91 points Olshansky | 1 comments | 15 Jul 25 15:17 UTC | HN request time: 0.242s | source

What I’m asking HN:

What does your actually useful local LLM stack look like?

I’m looking for something that provides you with real value — not just a sexy demo.

---

After a recent internet outage, I realized I need a local LLM setup as a backup — not just for experimentation and fun.

My daily (remote) LLM stack:

  - Claude Max ($100/mo): My go-to for pair programming. Heavy user of both the Claude web and desktop clients.

  - Windsurf Pro ($15/mo): Love the multi-line autocomplete and how it uses clipboard/context awareness.

  - ChatGPT Plus ($20/mo): My rubber duck, editor, and ideation partner. I use it for everything except code.

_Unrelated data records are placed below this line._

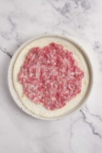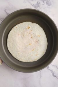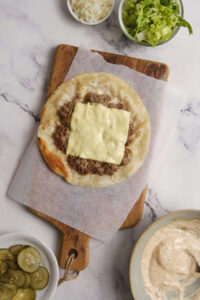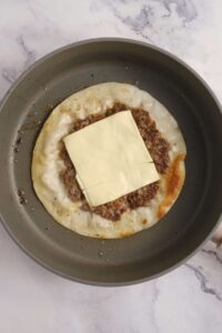 Press raw ground beef gently into the tortillas to form a uniform and even layer, then add the tortilla to the pan beef-side down. This will help cook the beef quickly and efficiently before flipping the tortilla. Once you flip it, top it with cheese immediately. You are free to use any type of cheese you prefer; cheddar can work just as well as American cheese, although I’ve found that Colby Jack melts more quickly, which helps you finish cooking sooner.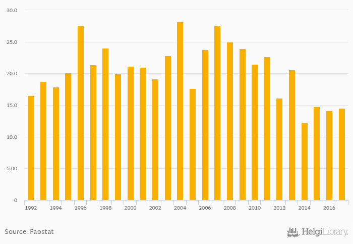 | Croatia | kg | 15.1 | 14.5 | 15.2 | 17.1 | 17.1 | ||||||||||||||||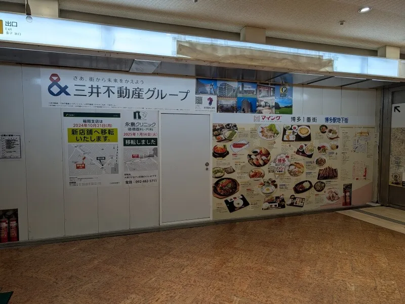 博多駅と繋がる地下通路を見た様子です。建物地下と繋がっていたと思われる、地下通路は工事用のパネルで閉鎖されていました。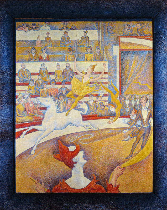 «Le Cirque» wird im März 1891 im Salon des Indépendants ausgestellt – in unvollendetem Zustand. Stellenweise ist der weisse Grund noch sichtbar. Der blaue Rahmen gehört zum Bild, vom Künstler gemalt. Georges Seurat stirbt nur wenige Tage nach der Ausstellung.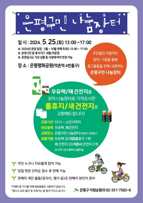 [½Åµ¿¾Æ¹æ¼Û ÀºÆò±¸=À̽ŵ¿±âÀÚ]ÀºÆò±¸´Â ¿À´Â 25ÀÏ ÀºÆòÆòÈ­°ø¿ø¿¡¼­ ¡®5¿ù ÀºÆò±¸¹Î ³ª´®ÀåÅÍ¡¯¸¦ °³ÃÖÇÑ´Ù°í ¹àÇû´Ù. ¡®ÀºÆò±¸¹Î ³ª´®ÀåÅÍ¡¯´Â ±¸¹ÎµéÀÌ Áß°í ÀçȰ¿ë ¹°Ç°ÀÎ ÀÇ·ù, Àå³­°¨, µµ¼­, ÀâÈ­ µîÀ» ¼­·Î ±³È¯ÇÏ°í ÆÇ¸ÅÇÏ´Â ³ª´®ÀÇ ÀåÀÌ´Ù. ÀÌ´Â ÀÚ¿ø ³¶ºñ¡¦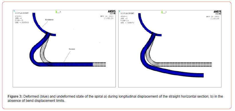 Figure 3a, b shows the computational study results of the damage caused to the tubes of the HRSG low-pressure evaporator heating surfaces outlet header. The calculations show that the tube bend cracks are caused by restriction of the straight tube section displacements in all directions except the longitudinal direction. The fairness of the solution adopted is confirmed by a sharp stress reduction in the bend, provided that there is no restriction of its displacements in all directions (Figure 3b).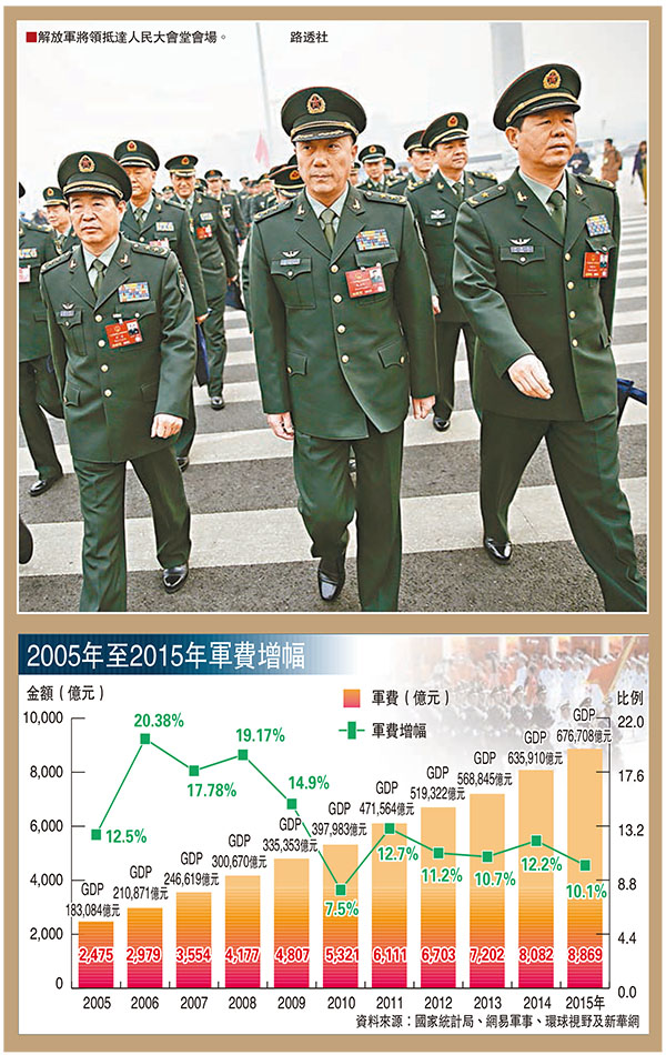 香港文匯報訊(記者 朱燁、劉凝哲 兩會報道)今年中國軍費將從前幾年的兩位數增長,下降到個位數增長,這是昨日召開的十二屆全國人大四次會議首場新聞發佈會「最具爆炸性的新聞」。大會發言人傅瑩就此透露,今年中國軍費預算將保持增長勢頭,但只維持在7%至8%之間。在回答西方記者關於中國擴建南沙島礁「威脅南海和平穩定」的提問,傅瑩直言「這是不是有點語言霸權」,此類討論意在製造議題,是將威脅地區和平、影響航行自由的「大帽子」扣在中國頭上,「做法容易誤導形勢」。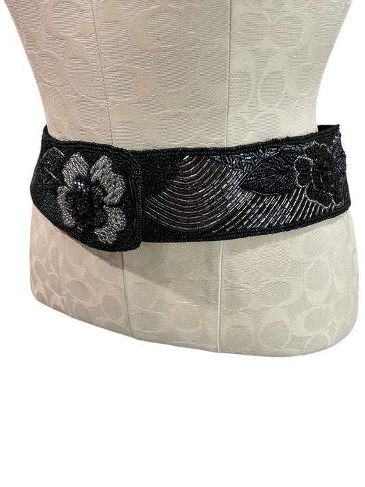 Vintage Beaded Black Silvertone Womens Belt Hook & Loop Closure 29 Inch Waist
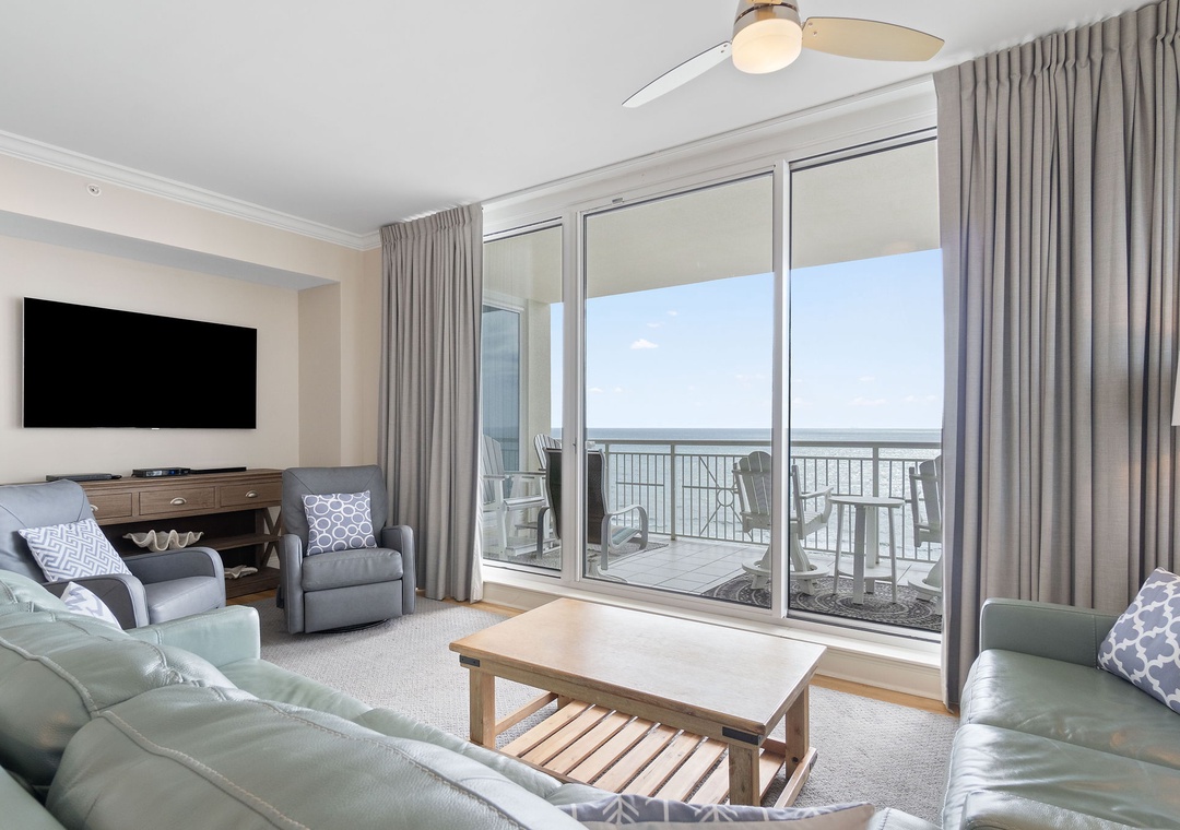 Experience your dream vacation in this thoughtfully decorated 4-bedroom, 4-bath corner unit at Indigo West. Located on a pristine stretch of the Gulf Coast, this luxurious 11th-floor retreat offers breathtaking, unobstructed views of the sugar-white sands and emerald waters. The open-concept living area is both elegant and comfortable, with plenty of seating, a large flat-screen TV, and floor-to-ceiling glass doors leading to a beachfront balcony. Whether you're enjoying morning coffee, reading a book, or having a sunset dinner, the spacious Gulf-front terrace is the perfect spot to soak in the beauty of the coast.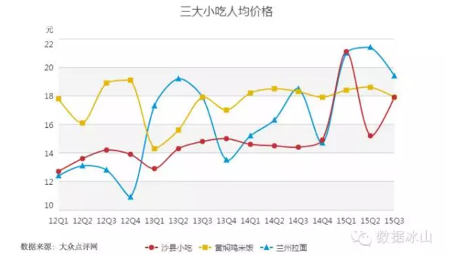 可以看到,黄焖鸡米饭价格基本维持不变,而沙县小吃的价格这几年在不断走高,今年已经追平了黄焖鸡米饭(这从另外一个侧面解释了黄焖鸡米饭火爆的原因),作为民工之友,原本占据优势的价格因素现在也已经荡然无存。

Here’s what I’ve cobbled together for my local stack so far:

Tools

  - Ollama: for running models locally

  - Aider: Claude-code-style CLI interface

  - VSCode w/ continue.dev extension: local chat & autocomplete

Models

  - Chat: llama3.1:latest

  - Autocomplete: Qwen2.5 Coder 1.5B

  - Coding/Editing: deepseek-coder-v2:16b

Things I’m not worried about:

  - CPU/Memory (running on an M1 MacBook)

  - Cost (within reason)

  - Data privacy / being trained on (not trying to start a philosophical debate here)

I am worried about:

  - Actual usefulness (i.e. “vibes”)

  - Ease of use (tools that fit with my muscle memory)

  - Correctness (not benchmarks)

  - Latency & speed

Right now: I’ve got it working. I could make a slick demo. But it’s not actually useful yet.

---

Who I am

  - CTO of a small startup (5 amazing engineers)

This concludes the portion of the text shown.